Artist: SAMAEL
Title: Reign of Light
Homepage: SAMAEL
Label: REGAIN RECORDS
Nachdem die Schweizer SAMAEL ja schon ungeahnte Promotion durch den recht geglückten Film “Hellboy” erfahren haben (Der “Samael” war dort ein böses, unsterbliches Monster), begehen sie nun auch ihre musikalische Auferstehung. Bekanntlich wurde der langjährige Vertrag mit Century Media gelöst, um sich mehr künstlerische Freiheit zu verschaffen. Bei den Dortmundern liegen im übrigen noch einige ältere Aufnahmen von Vorph & Co., die unter dem Namen ERA ONE die eher elektronische Seite der Eidgenossen aufzeigen. Eine Art Abschiedsgeschenk, welches eventuell bald veröffentlicht wird. Man selber ließ sich auf keine Kompromisse mehr ein und gründete das eigene Label Galactical Records, welches in Europa von Regain vertrieben wird. Gespannte harrte ich der Dinge, die da aus dem Äther kommen würden...

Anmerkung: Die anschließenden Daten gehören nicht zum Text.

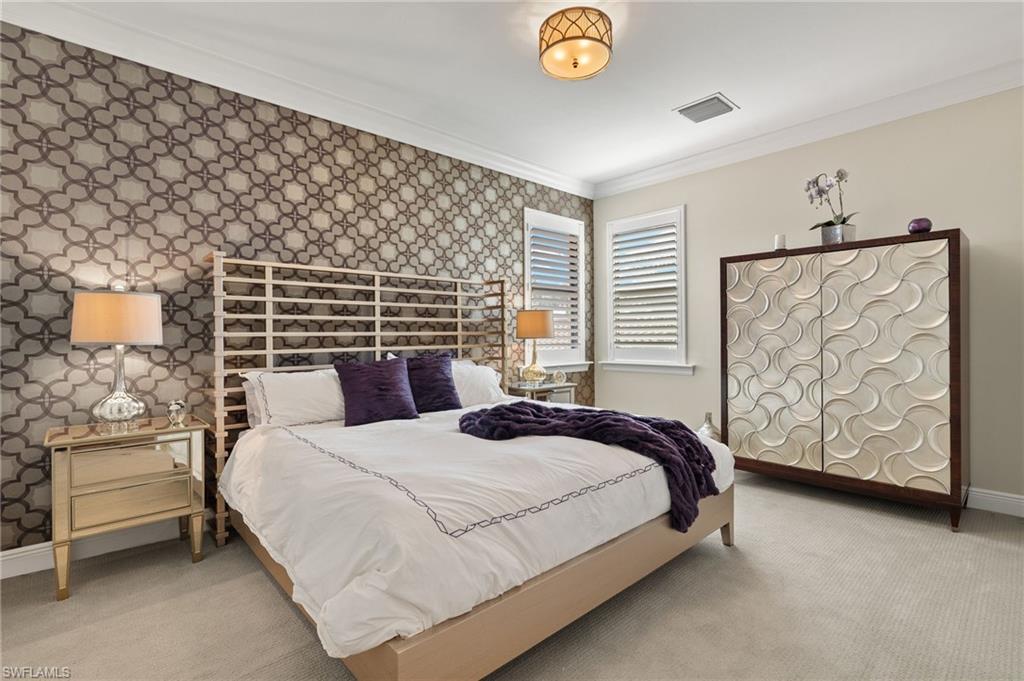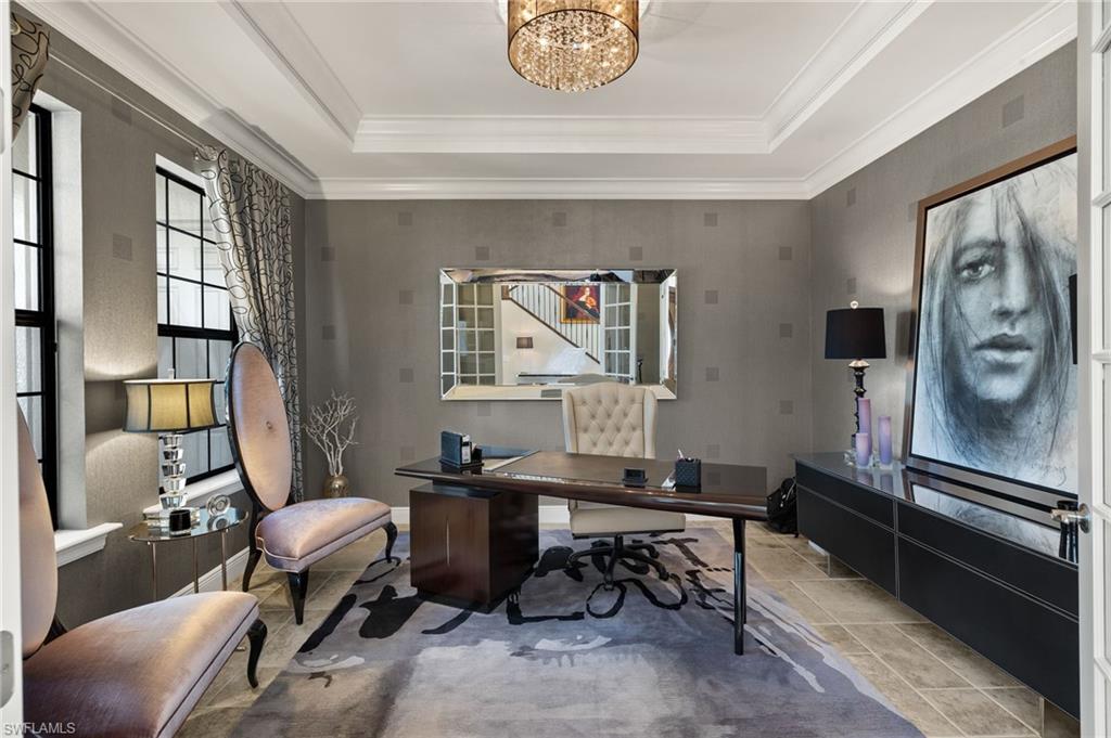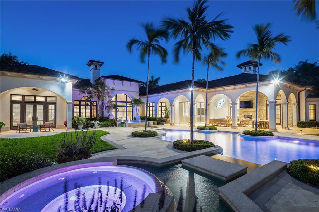 Welcome to this exquisitely designed estate home, where timeless architectural elegance seamlessly merges with spacious and comfortable living. Every facet of this residence showcases meticulous attention to detail, creating a harmonious blend of style and functionality. Nestled in a secluded and private location on over half an acre in the tranquil cul-de-sac of Marsala at Tiburon, this property is truly a sanctuary. The lushly landscaped grounds envelop a striking oversized pool, complete with a spa and cascading waterfalls, offering a serene outdoor oasis. The manicured lawn behind the pool area is fully fenced and backs onto the prestigious Greg Norman 36 hole championship golf course, ensuring both privacy and picturesque views. Step inside to discover an open floor plan adorned with elegant neutral tones and beautifully detailed ceilings. The main living areas boast stunning marble and wood floors, enhancing the sophisticated ambiance. The luxurious master suite, a guest suite, and a dedicated home office are conveniently located on the ground floor, while a small den and two additional guest suites—one featuring a private balcony—await you upstairs. For added convenience, a private one-bedroom, one-bath guest casita can serve as an exercise studio or a comfortable retreat for visitors. The expansive lanai features retractable screens, a cozy fireplace, and an outdoor kitchen, perfect for entertaining. Beautiful travertine flooring graces both the lanai and pool deck, creating an inviting atmosphere for gatherings. Light the fire bowls by the pool and relish in sunset soirées with family and friends. Additionally, this estate includes a spacious garage outfitted with a professional-grade car lift, mini - split AC, perfect for the automotive enthusiast or for providing extra storage space for your prized vehicles. Residents enjoy exclusive access to Ritz-Carlton hotel amenities, with options to join the Tiburon Golf Club. GOLF MEMBERSHIPS are IMMEDiATELY AVAILABLE, not required, concierge beach shuttle provides effortless access to the sugar-sand beaches of the Gulf, and the vibrant downtown Naples is just a short drive away. This home encapsulates the essence of luxurious living in a prime location, making it a true gem in the heart of Naples.
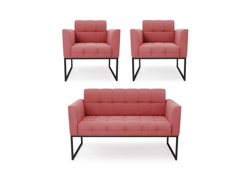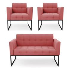 Kit 1 Sofá Namoradeira E 2 Poltronas Elisa Suede Rosê Base Metálica In
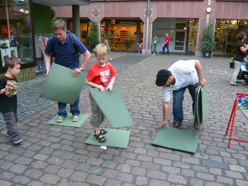 Bei der Freiburger Aktion stand der Gedanke im Mittelpunkt, das Spiel etwas generationsübergreifendes ist und an fast allen Orten mit einfachsten Mitteln gespielt werden kann.
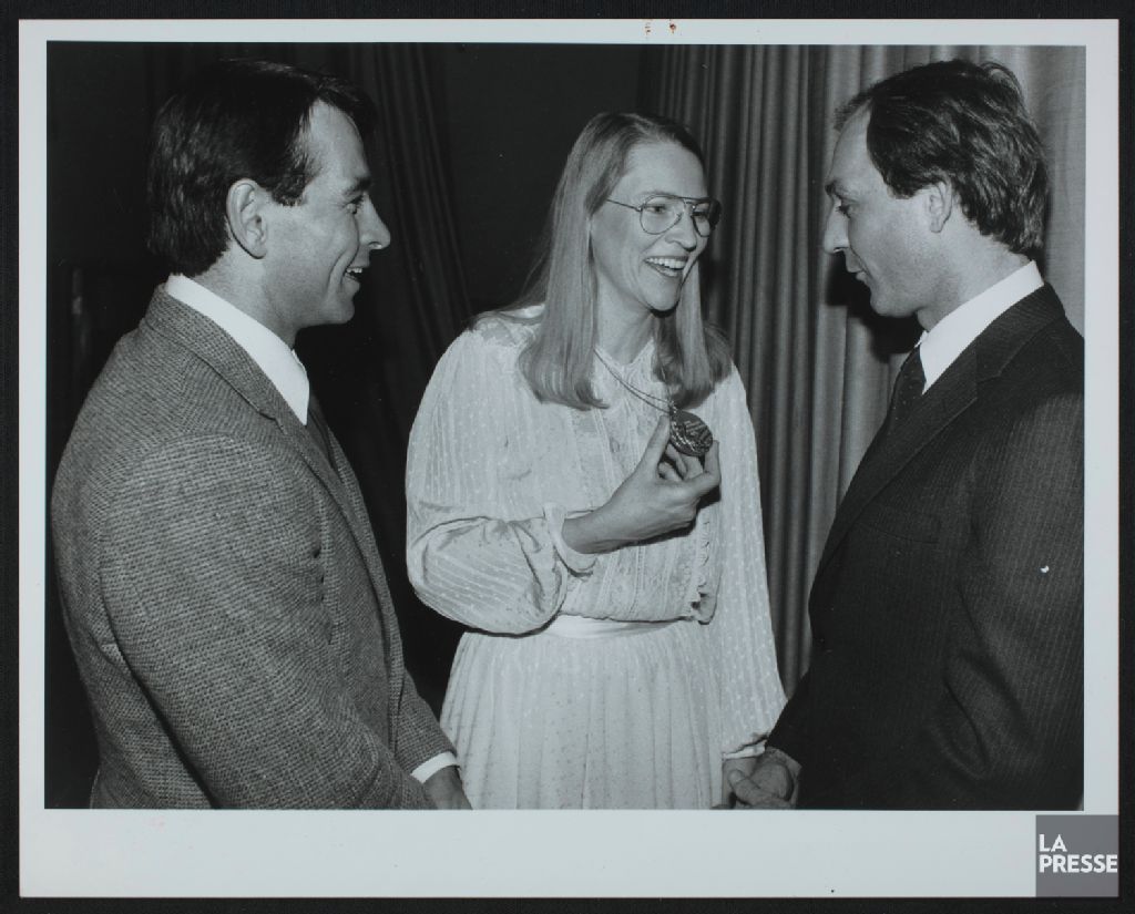 - Le dossier illustre l'athlète olympique accompagnée d'Alwyn Morris et Guy Lafleur.

Mit „Moongate“ geht es richtig fetzig los, Vorphs rhythmischer Sprechgesang besitzt sogar eine gewisse Rap-Attitude, so dass ich kurz in Sorge war, dass man nun auf die „Pop-Schiene“ setzen wolle. Aber dem ist nicht so, ganz im Gegenteil, die Gitarren fallen wieder aggressiver aus, Ergebnis der Produktion von Waldemar Sorychta, der ein Metaller durch und durch ist. Allerdings wirken SAMAEL anno 2004 nicht mehr so düster, was sich auch in den Texten widerspiegelt, die vorwiegend von Hoffnung, Sonne und Licht erzählen. Ausnahme: „On Earth”, dessen lyrische Seite aus der Aufzählung unzähliger Weltstädte besteht. Eine Art Verbrüderungsaufruf vom weitgereisten Bandkopf, der auch an ein paar Stellen eine orientalische Schlagseite mit einbaut („High above“). Nach mehrmaligem Hören kommt man zu dem Schluss, dass hier Härte, Melodie und sogar Tanzbarkeit eine gute Symbiose eingegangen sind. Mal geht man getragen zu Werke (das bombastische „Oriental Dawn“), dann wieder wird eine deutliche Vorliebe für LAIBACH erkennbar (z.B. „As the Sun“).
Ein sehr modernes und szeneübergreifendes Werk haben SAMAEL hier abgeliefert, welches über die gesamte Laufzeit keine Ausfälle zu verzeichnen hat. Demnächst in der Düsterdisco ihres Vertrauens und live zusammen mit den nicht übermäßig ähnlichen FLOWING TEARS.